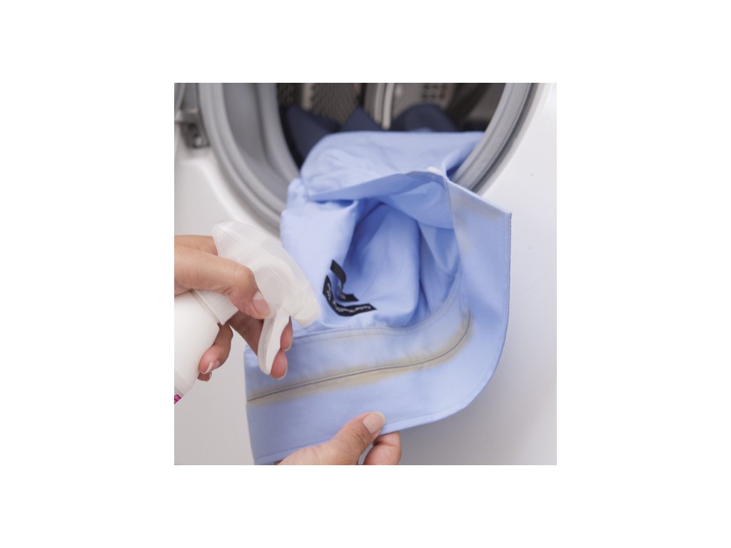 Pri farebných látkach najskôr vyskúšajte stálofarebnosť. Naneste dostatočné množstvo prípravku na škvrny, kým nie sú úplne pokryté. Votrite prípravok do škvŕn. Nechajte pôsobiť maximálne 5 minút, ale zabráňte zaschnutiu prípravku. Ošetrenú bielizeň ihneď vyperte v práčke s použitím hlavného programu a pridajte hlavný prací prostriedok. Ak periete ručne, pridajte do vody prací prostriedok.
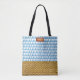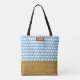 Elegant Blue Watercolor Geometric Rattan Look Tote Bag
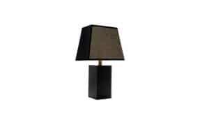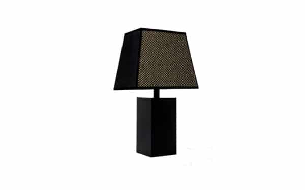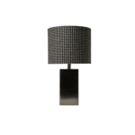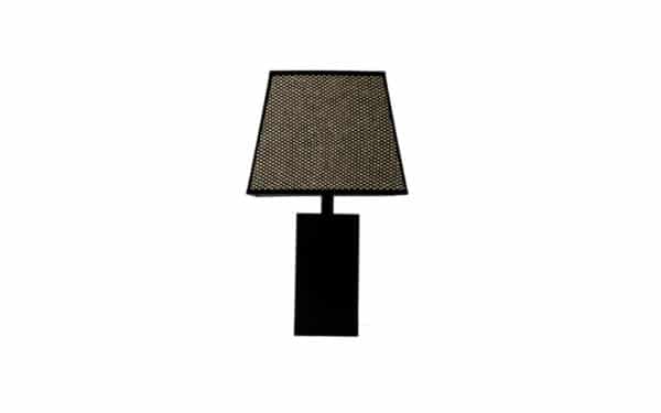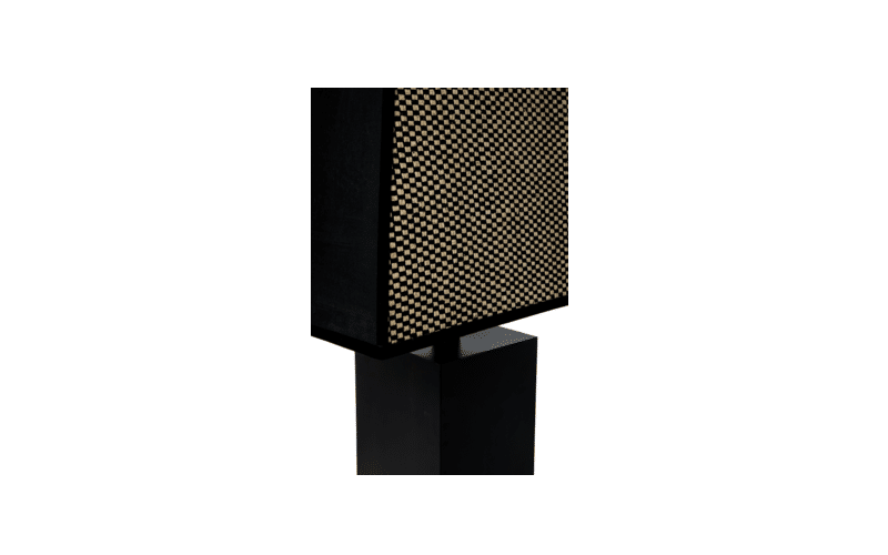 The lampshade is made of two fabrics; the ones at the front combine linen in two colors and the ones on the sides are velvet.

**PROBLEM STATEMENT**
Print the listing verbatim; no pictures.

**EXERCISE OUTPUT**
 Pri farebných látkach najskôr vyskúšajte stálofarebnosť. Naneste dostatočné množstvo prípravku na škvrny, kým nie sú úplne pokryté. Votrite prípravok do škvŕn. Nechajte pôsobiť maximálne 5 minút, ale zabráňte zaschnutiu prípravku. Ošetrenú bielizeň ihneď vyperte v práčke s použitím hlavného programu a pridajte hlavný prací prostriedok. Ak periete ručne, pridajte do vody prací prostriedok.
 Elegant Blue Watercolor Geometric Rattan Look Tote Bag
 The lampshade is made of two fabrics; the ones at the front combine linen in two colors and the ones on the sides are velvet.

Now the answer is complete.